Também, nem ouvíamos falar de drogas, bebidas alcoólicas. Nem aula de educação sexual. Tampouco havia livros “didáticos”, como estão aparecendo, hoje em dia, aos montes, que pretendem ensinar as crianças a “tocar os próprios órgãos genitais para ter prazer com isso”. Tudo isso seria impensável para a escola estadual Ambrosina Apolinária de Resende, em Cassilândia, MS.

Muita coisa mudou. E é impossível resgatar o passado. Avançamos em alguns aspectos. Mas, minhas lembranças me forçam a concluir que, em tantos outros, pioramos com as nossas crianças e adolescentes. Antes, ninguém falava muito em direitos para os menores, mas também não se tinham tantos menores nas drogas ou na prostituição. Falava-se em deveres, muito mais. E não havia grande quantidade de críticos, gente do contra e especialistas em apontar o dedo na cara de quem trabalha. As pessoas, pais, alunos e sociedade, parecem que entendiam melhor a escola e apoiavam os professores, que tinham um elevado “status” na cidade. Eu me lembro que, na quermesse da Igreja, quando chegava o saudoso Professor Gilberto, que era muito respeitado, as pessoas da mesa se levantavam para cumprimentá-lo. Recordo os olhos rápidos do meu pai e sua fala na sequência: “Olha lá o Professor Gilberto Elias Ferreira...”, cujo tom era de reverência.

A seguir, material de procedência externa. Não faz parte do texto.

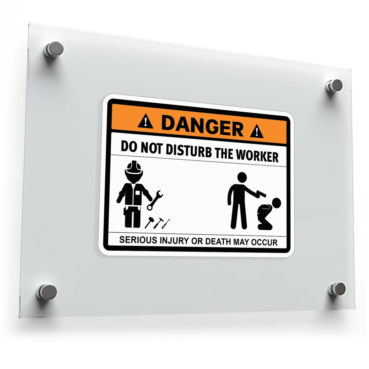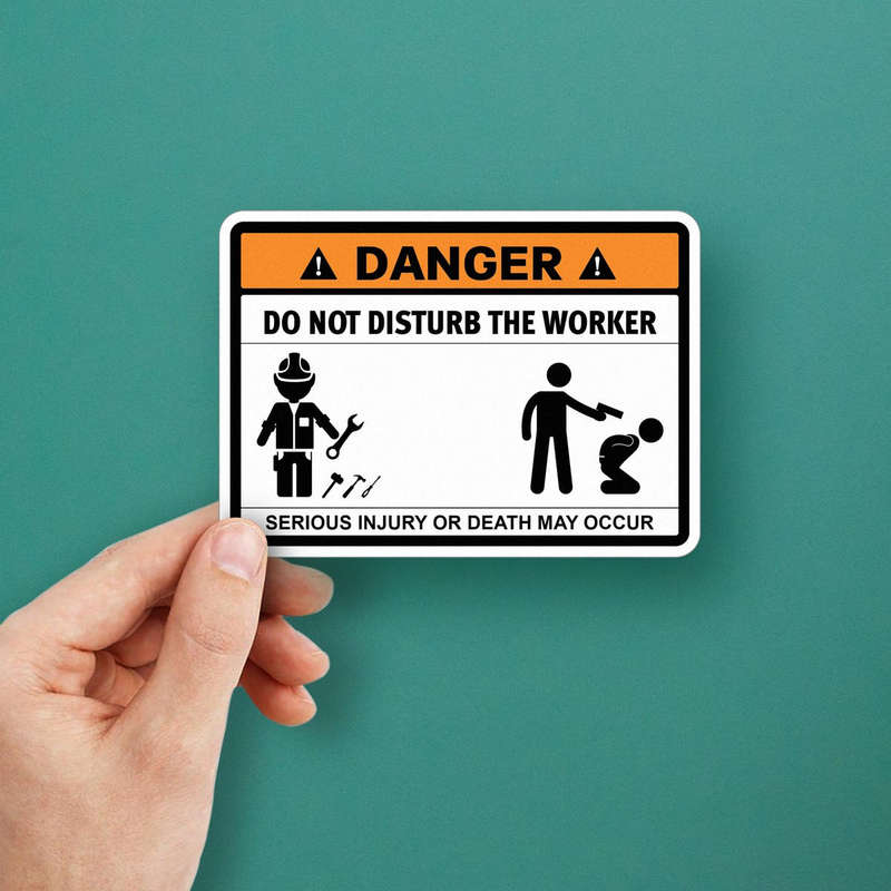 Promote workplace safety with this bold “Danger – Do Not Disturb the Worker” sticker, designed to clearly communicate hazard warnings and maintain secure environments. Its vibrant orange and black design ensures high visibility, making it a crucial addition to industrial areas, construction sites, or offices. Crafted from durable vinyl, this sticker is built to withstand harsh conditions and is suitable for both indoor and outdoor use. Easy to apply and remove without residue, it offers flexibility and practicality. Whether affixed to doors, walls, or equipment, this safety sticker effectively enhances awareness and protects workers, adhering to strict safety protocols.
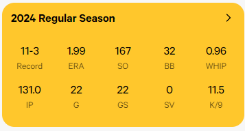7-6, ERA 3.32, 37 Games, 15 of which were starts, 1 save (his first), 135.2 innings pitched, 107 K’s, 42 Walks and a stellar 1.11 WHIP.
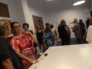 Galeristin Ines Schulz (2. v.li.) im Gespräch mit einer Besucherin in der Ausstellung.
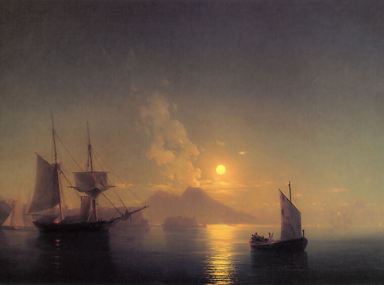 Paintings on photographic paper Bay of Naples on a moonlit night
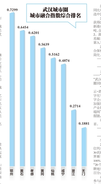 研究发现,八市融入城市圈城市融合指数综合排名为:鄂州、黄石、孝感、黄冈、仙桃、咸宁、潜江、天门。
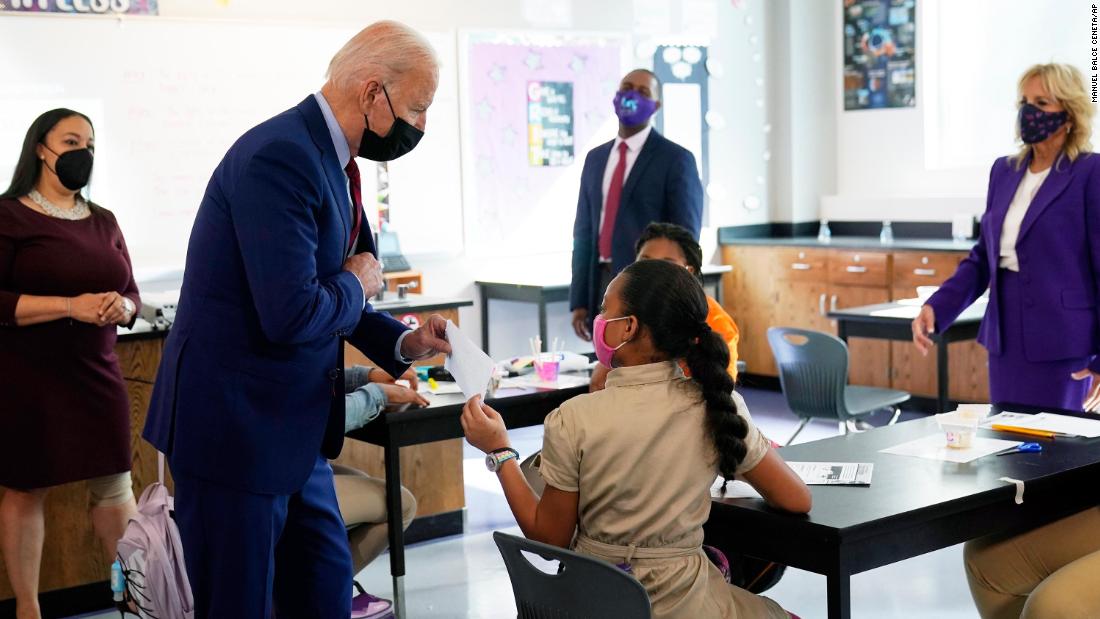 “If schools follow the science — and they are here — and implement safety measures like vaccinations, testing, masking, then children can be safe in schools, safe from Covid-19. My plan does all these things,” Biden said.
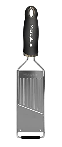 Einzelheiten: Produktbeschreibung Der Gourmet-Hobel ist ein handgehaltenes kulinarisches Werkzeug, das schnell, leicht und bequem verschiedene Lebensmittel präzise in exakte Scheiben von 2 mm Breite schneidet. Mit diesem Werkzeug erübrigt sich das Erlernen von Messertechniken für Rezepte, in denen dünne Scheiben von Gurken, Rettich, Zucchini, Kartoffeln, Zwiebeln, Pepperoni, Äpfeln und anderen Zutaten gefragt sind – der Gourmet-Hobel liefert hervorragende gleichmäßige Scheiben mit minimalem Aufwand._ Der Hobel kombiniert die Funktionalität einer größeren Mandoline mit dem kompakten Design eines in der Hand gehaltenen Gemüsehobels und ist somit sehr leicht zu bedienen und zu kontrollieren bei der Herstellung von Salaten, Pizzabelag, Cocktailgarnierung, gesundem aromatisiertem Wasser, Gratins, Desserts, Parfaits und vielem mehr. In Schwarz erhältlich. Markenbeschreibung „Microplane Aus dem Werkzeugkasten direkt in die Küche, so begann diese Erfolgsgeschichte. Microplane gehört zu dem familiengeführten Unternehmen Grace Manufacturing aus Arkansas USA, das seit fast 40 Jahren Erfahrung im Bereich der photo-chemischen Produktion gesammelt hat. Ursprünglich wurde die Microplane Reibe für Holzarbeiten entworfen. Zur großen Verwunderung von Richard Grace, einem der Firmengründer, wurde seine Reibe in großer Zahl von Profi- und Hobbyköchen gekauft als Zitrus- und Hartkäsereibe. Die Entdeckung, dass die winzigen rasiermesserscharfen Klingen der Holzraspel auch Lebensmittel fein reiben und schneiden können, anstatt sie zu zerfetzen, legte den Grundstein für den Erfolg der Microplane Küchenreiben. Heute setzt das Unternehmen einen neuen Standard bei der Entwicklung und Funktionalität von Küchenreiben. Mit einem aufwendigen, besonderen Herstellungsverfahren produziert Microplane langlebige und extrem scharfe Schneidekanten, die mühelos durch jedes Lebensmittel gleiten. Lassen Sie sich von diesem besonderen Küchenwerkzeug überzeugen.”
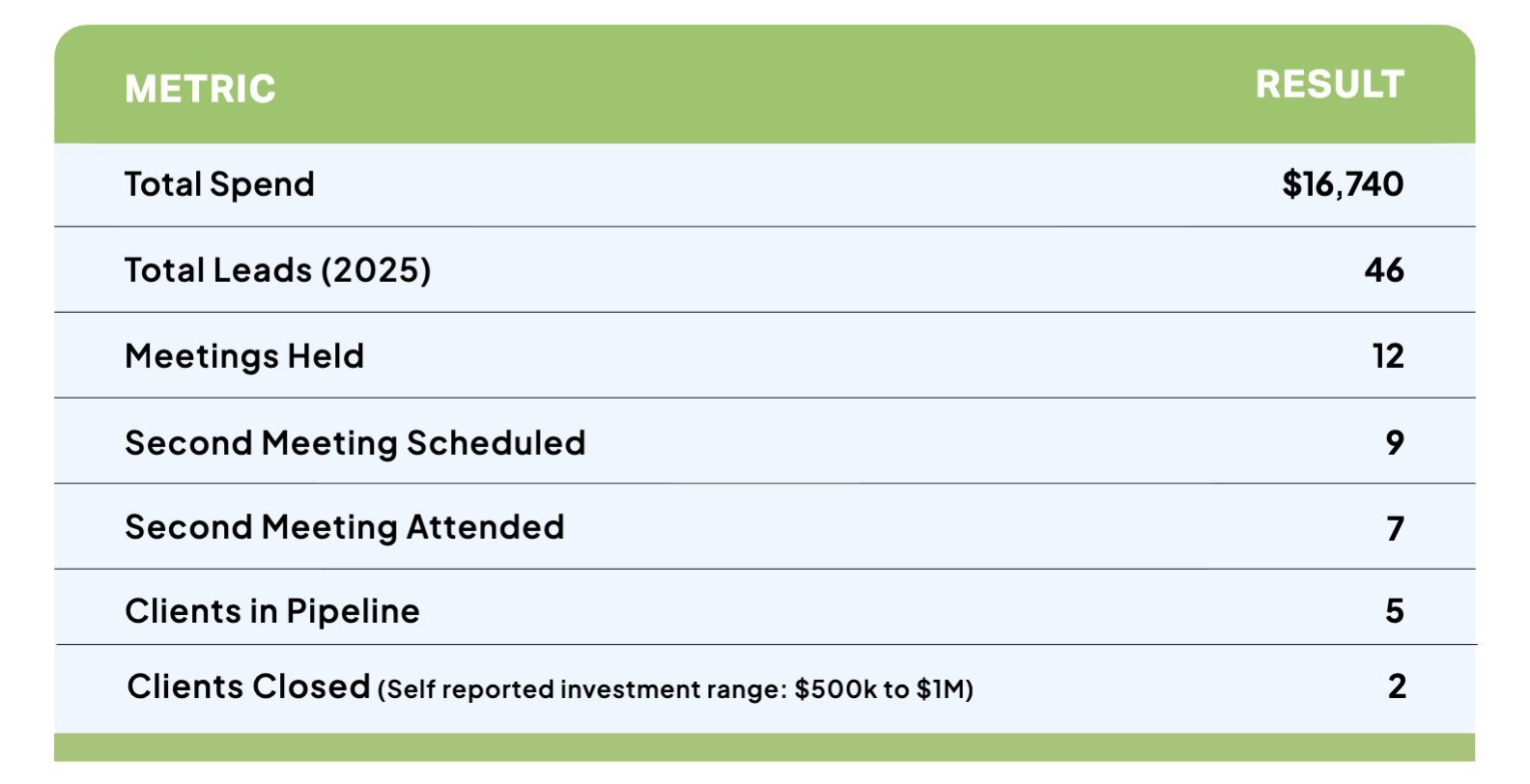 Fiat Wealth wanted to increase meaningful engagements with investors who fit their $500K+ profile. The firm had tested multiple marketing channels but found that many failed to generate consistent or qualified meetings.

Enfim. O tempo passa. O mundo é outro. E as lembranças nos fazem refletir. Elas nos ajudam a pensar mais sobre o que vivemos, sobre o que somos e para onde vamos. Relembrar a infância pode ser muito bom. No meu caso, é sempre ótimo. Pois, em Cassilândia, vivi com muita alegria e aprendi muito. E, nesta semana, revendo muitos rostos conhecidos, alguns de meus professores, eu voltei emocionado para Fernandópolis. Obrigado, mesmo, à minha terra, Cassilândia, à minha escola Ambrosina Apolinária de Resende. Um abraço a todos os meus professores, em nome da inesquecível Tia Maria Eva.